The arguments index has a comma-separated list of argument names and their types, like "number:int, total:int, crewmate:str". There's also a but type, for replacing a certain button constant (like BUTTON_INTERACT) to a controller icon in the future.
Full example: (apparently GitHub's syntax highlighting breaks on this, dunno why)
char buffer[100];
vformat_buf(buffer, sizeof(buffer),
"{crewmate} got {number} out of {total} trinkets in {m}:{s|digits=2}.{ms|digits=3}",
"number:int, total:int, crewmate:str, m:int, s:int, ms:int",
2, 20, "Vermilion", 2, 3, 1
);
=> "Vermilion got 2 out of 20 trinkets in 2:03.001"

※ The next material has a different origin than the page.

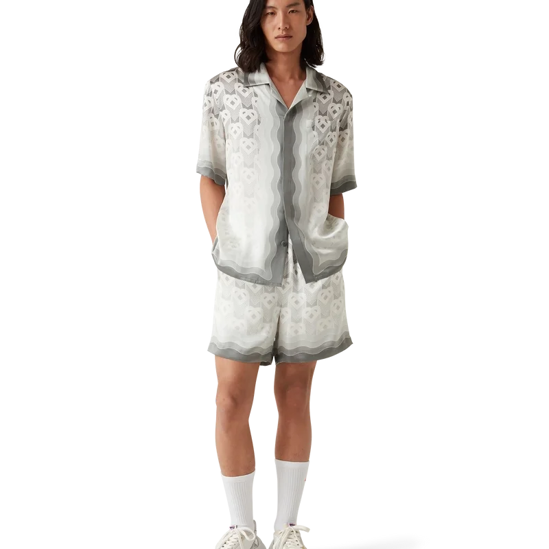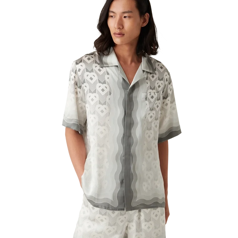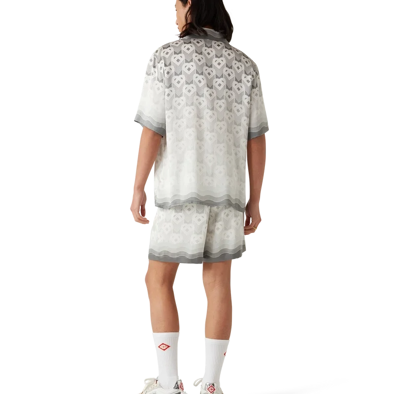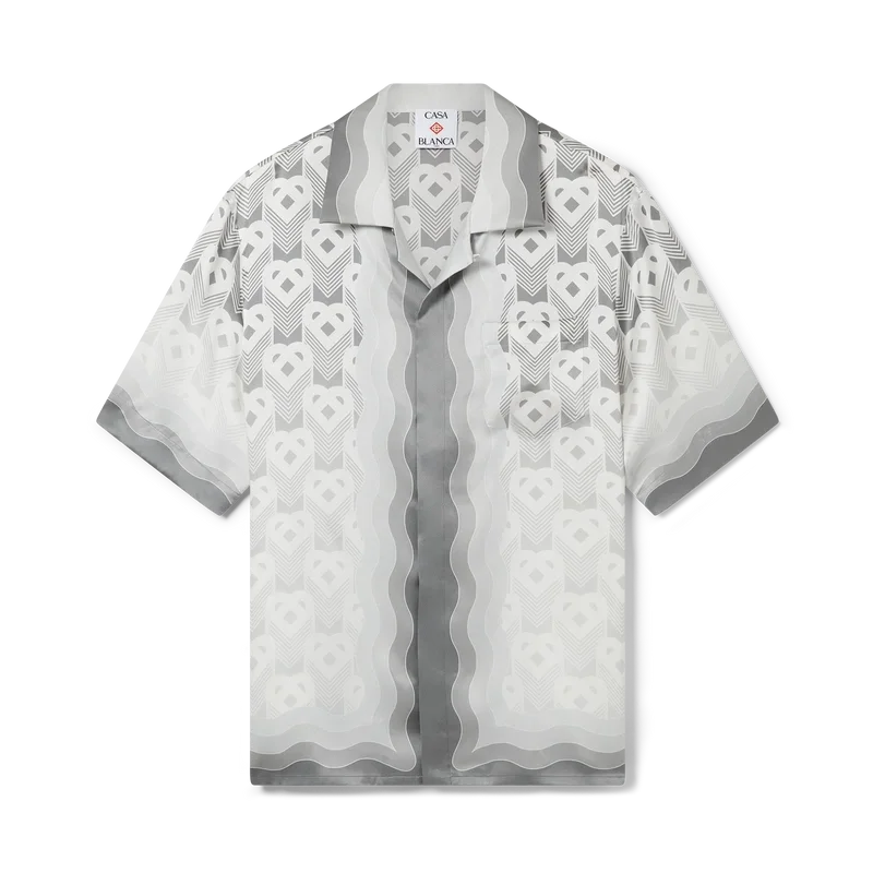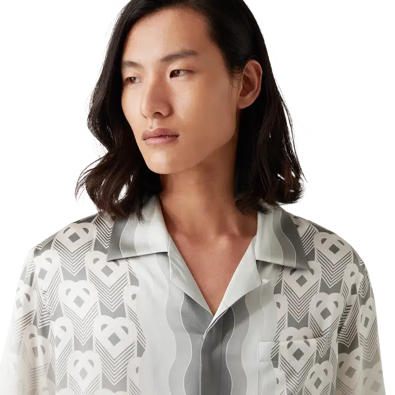 La camicia in seta con monogramma a cuori sfumati presenta una stampa all-over con il monogramma a cuori della Maison su uno sfondo argentato sfumato di questa stagione. Realizzata in raso di seta Monogram e rifinita con colletto, taschino sul petto, polsini, orlo e abbottonatura con dettagli sfumati ispirati alle onde di Memphis.

The system is fully documented at the top of VFormat.h.
Benchmarks
I wanted to know how fast my new system was compared to the [SDL_]snprintf we already use, so I decided to run two technically equivalent examples 10 million times:
// .. ...
int max = 10000000;
clock_t t0 = clock();
for (int ii = 0; ii < max; ii++)
{
char buffer[100];
SDL_snprintf(buffer, sizeof(buffer),
"%s got %d out of %d trinkets in %d:%02d.%03d",
"Vermilion", 2, 20, 2, 3, 1
);
}
double elapsed_time = (double)(clock() - t0) / CLOCKS_PER_SEC;
printf("SDL_snprintf: %fs\n", elapsed_time);
t0 = clock();
for (int ii = 0; ii < max; ii++)
{
char buffer[100];
vformat_buf(buffer, sizeof(buffer),
"{crewmate} got {number} out of {total} trinkets in {m}:{s|digits=2}.{ms|digits=3}",
"number:int, total:int, crewmate:str, m:int, s:int, ms:int",
2, 20, "Vermilion", 2, 3, 1
);
}
double elapsed_time2 = (double)(clock() - t0) / CLOCKS_PER_SEC;
printf("vformat_buf: %fs\n", elapsed_time2);
printf("We're only %fx as slow\n", elapsed_time2/elapsed_time);
While I did use SDL_ functions in line with the rest of the codebase, I'd like to mention I consistently got a somewhat faster result when I used vanilla strlen, memcmp, strchr, malloc, free, memcpy and strtol, but it's not overly dramatic:
(non-SDL_)
SDL_snprintf: 2.178149s
vformat_buf: 12.474551s
We're only 5.727134x as slow
(SDL_)
SDL_snprintf: 2.283219s
vformat_buf: 15.566886s
We're only 6.817956x as slow
Either way, this seems very reasonable - printf-family functions have been around for decades, don't support reorderable arguments (thus only go through the vararg list once), and don't compare names of arguments.
C++20 std::format
After designing and implementing all of this, I discovered that C++20 adds a somewhat similar Python-inspired formatting system. So I wanted to benchmark this as well just for fun. Which required me to benchmark on MSVC 2019+, the only place that seems to support it currently. And then only under /std:c++latest, not /std:c++20.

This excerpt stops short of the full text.